Now I will admit there are some flaws to this metric. Being a purely offensive stat focused metric, it leaves out stats like defensive rebounds, blocks, and steals which could lead to offensive possessions and may unfairly omit a good defender’s actual contribution. It doesn’t adjust for pace so plyers on teams that play faster might get more opportunities to generate points leading to higher scores. Using assist opportunities puts reliance on teammates to make shots, so a player’s playmaking score might be a lot lower on a bad team than it would a good team, as you probably noticed there are only a few instances of a player on a bad team. I didn’t really know how to go about this because leaving out unconverted opportunities misconstrues that player’s usage, but if I were to try and regularize the conversion of assist opportunities it may unfairly punish those who set up their teammates better which is why their team is better in the first place.
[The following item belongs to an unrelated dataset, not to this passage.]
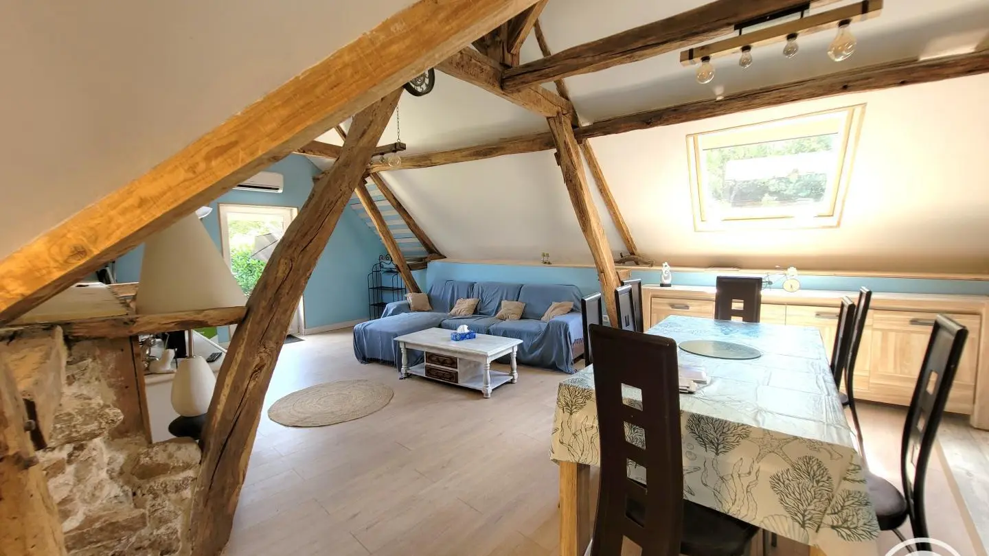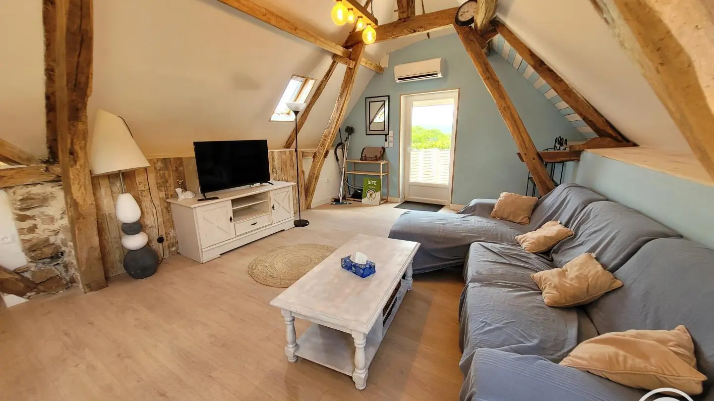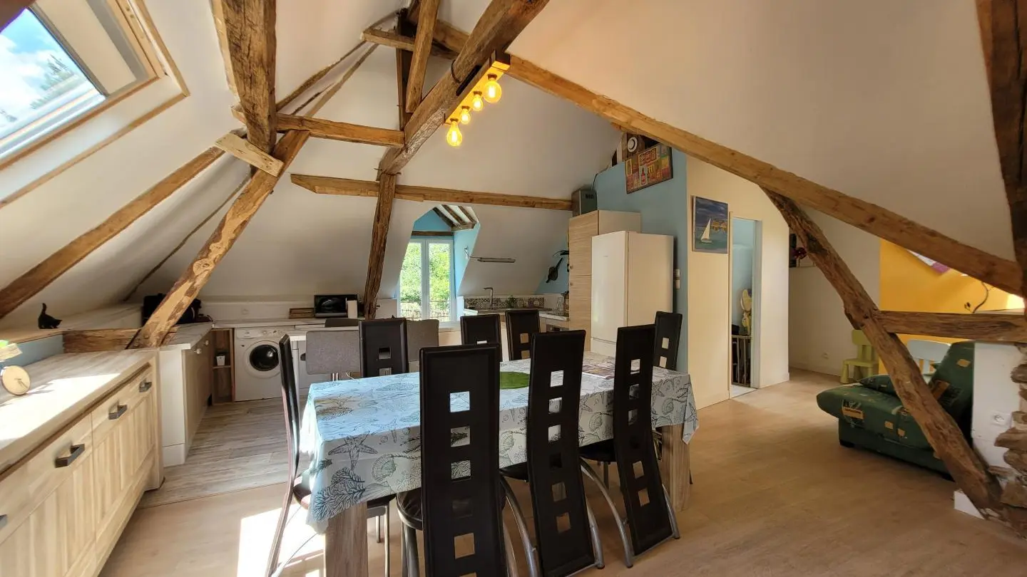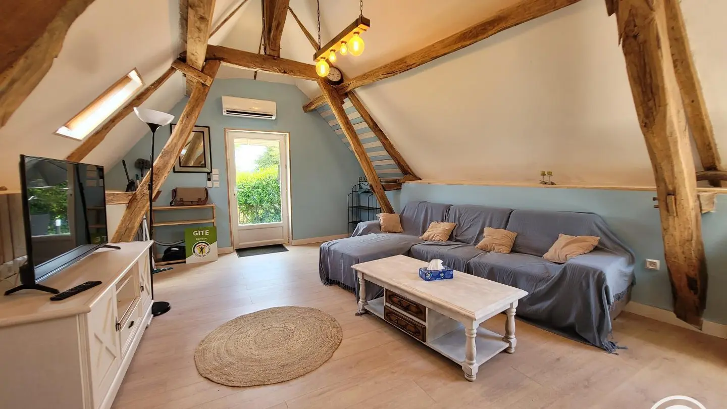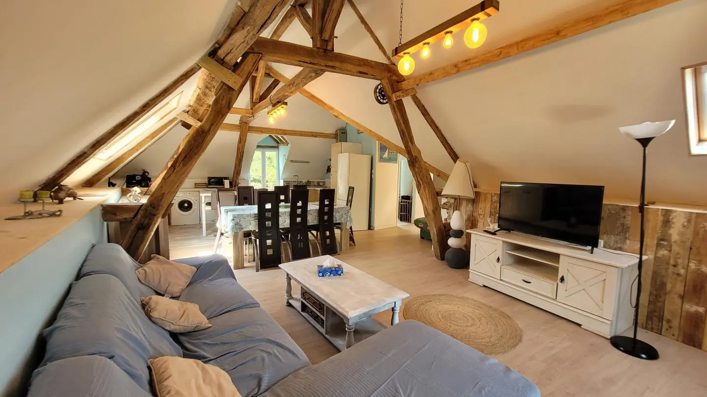 Completely restored stone barn with slate roof. - Red shutters frame a French window opening onto a small stone staircase. - Terrace equipped with garden furniture and barbecue, ideal for outdoor meals. - Quiet, leafy setting with plants and shrubs. Inside, a large attic living area with exposed wooden beams, comfortable sitting area with sofa, coffee table and TV. - Dining area with large table and chairs, fully-equipped kitchen open to the living room. -The warm, rustic decor combines modernity with elements of yesteryear. This gîte is perfect for a stay with family or friends, offering all the comforts needed to spend pleasant, relaxing moments.

This isn’t really a flaw in the stat but another issue is that 2nd assists, free throw assists, and assist opportunities only go back to the 13-14 season when player tracking started so we will be unable to compare offensive scores historically unfortunately, unless we figure out a way to estimate these stats.

Conclusion

I feel this is a good metric to compare offensive performances. This is not to show how skilled a player is necessarily as a lot of it is based on opportunity, but all the time we spend on comparing performance, I think this metric does a better job than most when it comes to offense. It can be used for single game matchups as well as whole seasons differentiating itself to metrics like offensive win shares, and in my opinion pretty unbiased to position.

While there are some flaws and can get a bit complicated, I believe this is a simpler metric to understand than other popular ones that get even more complicated, as it can be boiled down to pretty much volume affected by efficiency. A future task would be to figure out how to incorporate defense which can be extremely hard to measure in numbers.